When discussing the technology of the future—the tech that’s bound to disrupt a given market—we so often think of software. We’ve grown accustomed to thinking of programs and algorithms as the next great way to maximize profits. But by keeping our eyes glued to screens, we miss out on the innovations in hardware that’re soaring over our heads. I’m talking about the lucrative world of drone stocks.
For years, drones have filled skylines and headlines around the world. The history of drones—traditionally called unmanned aerial vehicles (UAV)—stretches back more than a hundred years, to technology originally developed by Nikola Tesla.
The Growing Market for Unmanned Aerial Vehicles
While drones aren’t exactly a new innovation, the advent of drone-developing corporate entities over the past few years has seriously pushed the envelop for the UAV industry. Analysts predict that, by 2025, drone stocks around the world will collectively be worth $129.23 billion USD. And that’s at a remarkable CAGR of 56.5%!
That growth is being driven by newfound applications for the technology. While much of the public only think of drones for their military or recreational purposes, governments and private businesses are beginning to appreciate how UAV solutions can serve a wide variety of industries.

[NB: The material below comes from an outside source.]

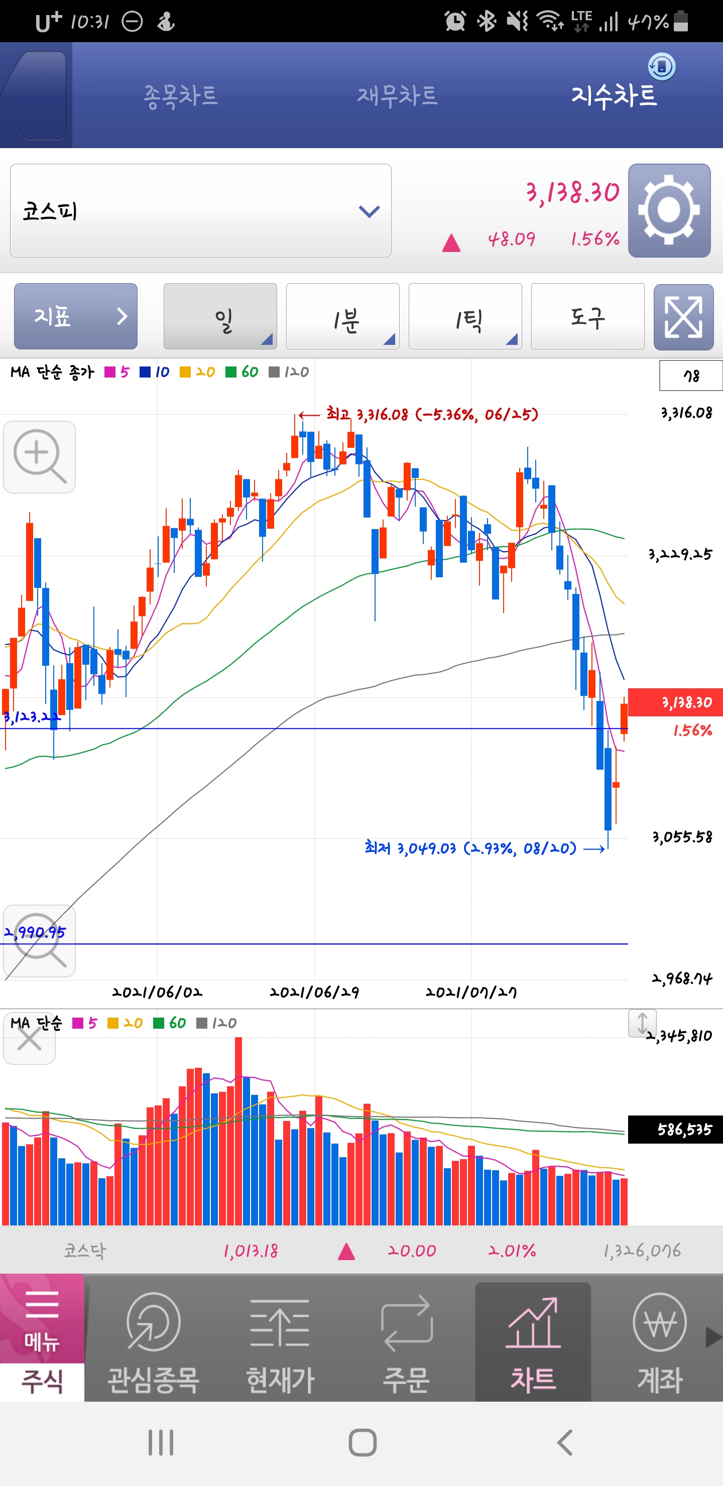 코스피가 어제 반등자리를 만들고 오늘 반등에 성공하였다. 오늘 같은 날은 정말 대부분 종목이 올랐을거 같다.

From agriculture, real estate, and oil & gas to first responder and civil defense services, drones make work safer and more affordable for dozens of important industries.

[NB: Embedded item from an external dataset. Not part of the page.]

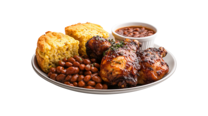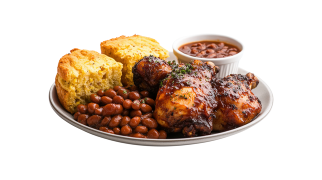 Caribbean Food Set with Jerk Chicken, Rice and Beans, and Fried Plantains, Isolated PNG

The Great Drone Disruption
More than 50% year-over-year growth over the next half-decade is reason enough to consider taking a closer look at the UAV industry. But there’s another factor making now a better time than ever to watch drone stocks.
You see, for nearly a decade, the drone market has been dominated by one company: DJI Technology Co. A privately held Chinese company, DJI controlled 74% of the industry as recently as last year.
But in August 2019, the US Army—a major purchaser of UAVs—banned service members from using DJI drones, citing “increased awareness of cyber vulnerabilities.” Then, just before Halloween, the Department of Interior grounded more than 800 of its DJI drones for the same reason.
Starting immediately, both government and private bodies in the US will begin looking for UAV solutions from local drone manufacturers. Because of this, drone stocks have a better chance to capture that $129 billion market than ever before.
Why Pure-Play Drone Stocks are the Best Buy
This drone market disruption hasn’t gone unnoticed by major corporations.
However, while the UAV market won’t significantly move the needle for highly diversified companies worth hundreds of millions of dollars—like Alphabet Inc. (NASDAQ:GOOGL), Raytheon (NYSE:RTN), and Amazon.com, Inc. (NASDAQ:AMZN)—it will make all the difference for small- and micro-cap drone stocks.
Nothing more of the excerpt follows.